Yesterday’s New York Times contained a column by Adam Liptak, who covers the Supreme Court of the United States, entitled “Are Oral Arguments Worth Arguing About?” That column makes the point that, ultimately, whether an appellate oral advocate delivers his or her oral argument seamlessly matters far less than the merits of the case.
The specific context of the column was criticism in some quarters of the quality of the oral argument made by Solicitor General Donald Verrilli in the health care cases before the U.S. Supreme Court. According to Liptak’s reporting, that criticism comes almost entirely from the press, academia or pro-Obamacare groups. Veteran Supreme Court oral advocates had little or nothing negative to say about Verrilli’s performance.
The article also notes the comment of Justice Ginsburg that, as between oral argument and briefing, the briefs are far more important to the decision of virtually any appellate matter. This is a point that is frequently overlooked. Especially when an appeal is won, the kudos go to the attorney who argued, rather than to those who wrote the briefs. Perhaps that is because there is more glamor in oral argument, reacting on one’s feet to the probing questions, from all directions, of multiple jurists, like Jackie Chan or Bruce Lee facing and defeating numerous antagonists.

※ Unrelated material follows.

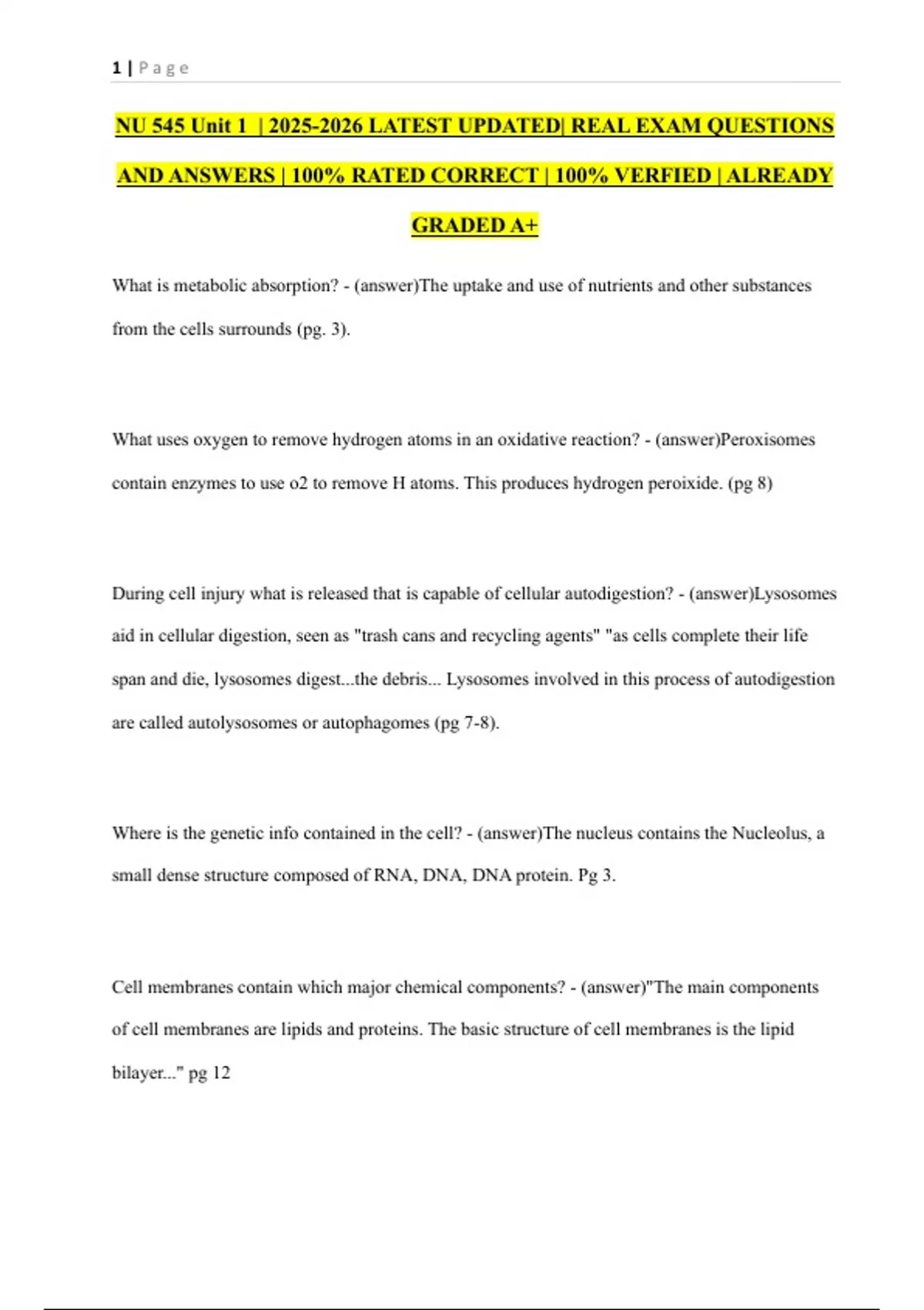 PACKAGE DEAL FOR NU 545 UNIT 1-7 | LATEST UPDATED| REAL EXAM QUESTIONS AND ANSWERS | 100% RATED CORRECT | 100% VERFIED | ALREADY GRADED A

None of this is to say that oral argument is unimportant or that oral advocates should not be fully prepared. Oral argument can make a difference in some cases, snatching defeat from the jaws of victory or vice versa. But there are few if any “style points” given to appellate oral advocates. It is still better to have the merits on your side than to deliver an argument smoothly and without any pauses, hesitations or hiccups.